After enabling the knowledge base, add variables to your prompt by manually typing /.

For detailed instructions, see Create and use a knowledge base.

Long-term memory

When you enable long-term memory, the large model can analyze the conversation history to identify personal information, preferences, recent activities, and future plans. It stores this information in long-term memory and recalls it in subsequent conversations to provide a more personalized and intelligent service.

To customize memory strategies or manage memory results based on your business scenarios, see the Long-term Memory Open API reference.

Note

Memory is isolated across applications. Within the same application, a memory store is created per userid, and memory is isolated across different userids.

Online search

Because their training data is static, large models cannot answer time-sensitive questions accurately, such as stock prices or today's news.

You can enable the online search feature to allow the large model to retrieve real-time data from the web and provide up-to-date responses.

In voice interaction applications, you can also choose between Efficiency Mode and Quality Mode.

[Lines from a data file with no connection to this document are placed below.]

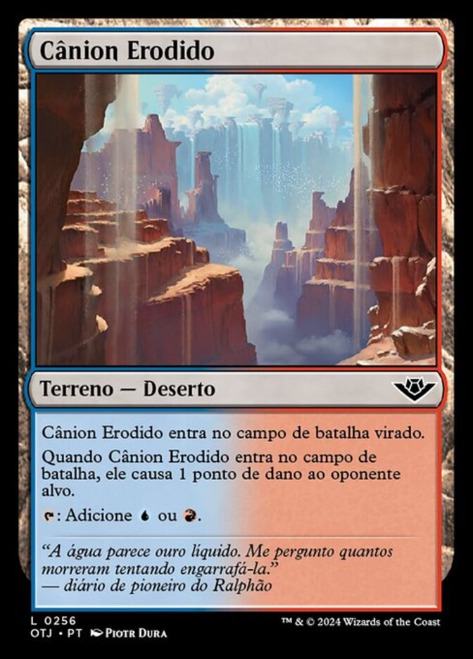 | Rules | Eroded Canyon enters the battlefield tapped. When Eroded Canyon enters the battlefield, it deals 1 damage to target opponent. : Add or . |
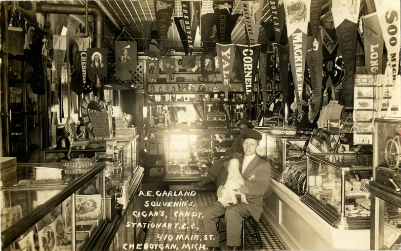 View of two men and a dog posing inside the A.E. Garland souvenir shop in Cheboygan, Michigan. Pennants are displayed from ceiling; glass cases display cigars and other merchandise. Printed on front: "A.E. Garland souvenir's. Cigar's, candy, stationary [sic], & &. 410 Main St., Cheboygan, Mich."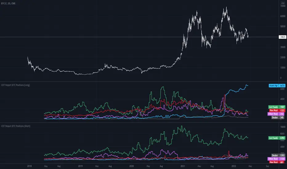 Showing the Commitments of Traders (COT) report(*) for BITCOIN Positions - CHICAGO MERCANTILE EXCHANGE (futures only) with COT charts on TradingView data.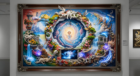 An incredibly detailed and ornate surrealist painting displayed in a modern art gallery. The artwork features a swirling celestial portal surrounded by a vibrant wreath of flowers,mythical creatures,and fantastical architecture,blending fantasy and technology.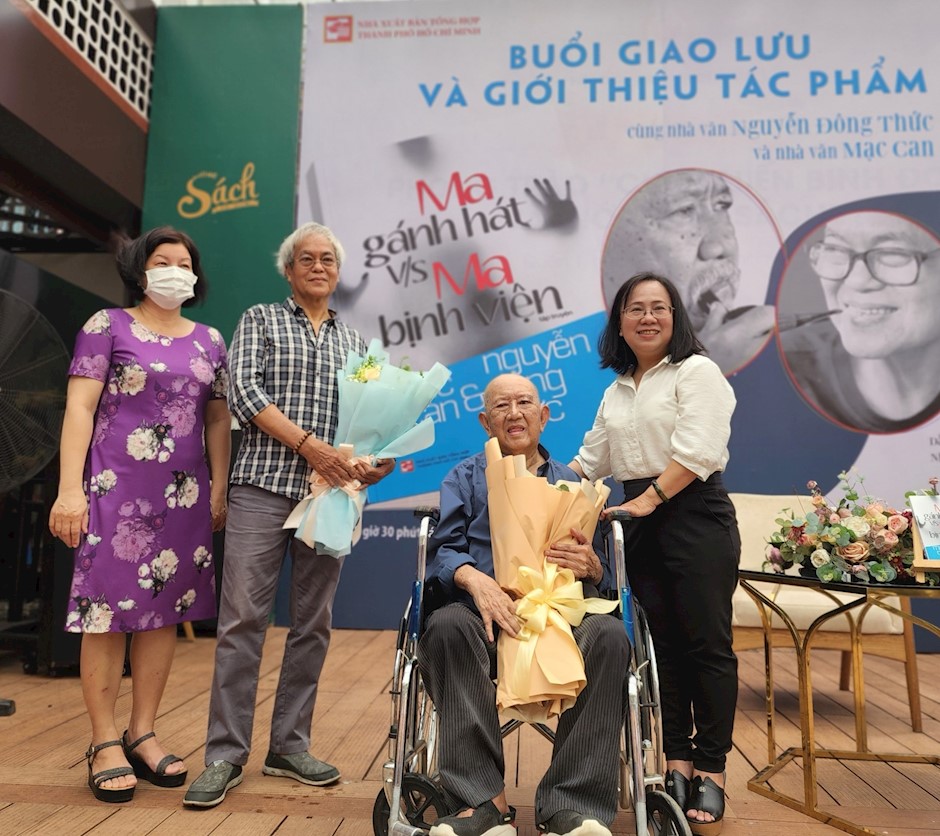 Nhà Xuất bản Tổng hợp TPHCM tặng hoa cho hai tác giả giao lưu tại chương trình(Thanhuytphcm.vn) - Trong khuôn khổ “Ngày sách và văn hóa đọc Việt Nam lần thứ 2 năm 2023”, sáng 20/4, Nhà xuất bản Tổng hợp TPHCM tổ chức buổi giao lưu, trò chuyện giới thiệu tác phẩm “Ma gánh hát v/s Ma bịnh viện” cùng hai tác giả Mạc Can và Nguyễn Đông Thức.

Efficiency Mode provides faster results, while Quality Mode delivers higher accuracy.

Conversation logs

If you need to save all conversation data, you can use the Alibaba Cloud EventBridge service.

For detailed instructions, see Connect to Conversation Logs.

Commands

The multimodal interaction system issues commands, which the device then executes, such as turning on a lamp or increasing the volume. For a list of available commands, see Command List.

Plugins

You can add plugins that you created in Alibaba Cloud Model Studio to enhance conversation capabilities.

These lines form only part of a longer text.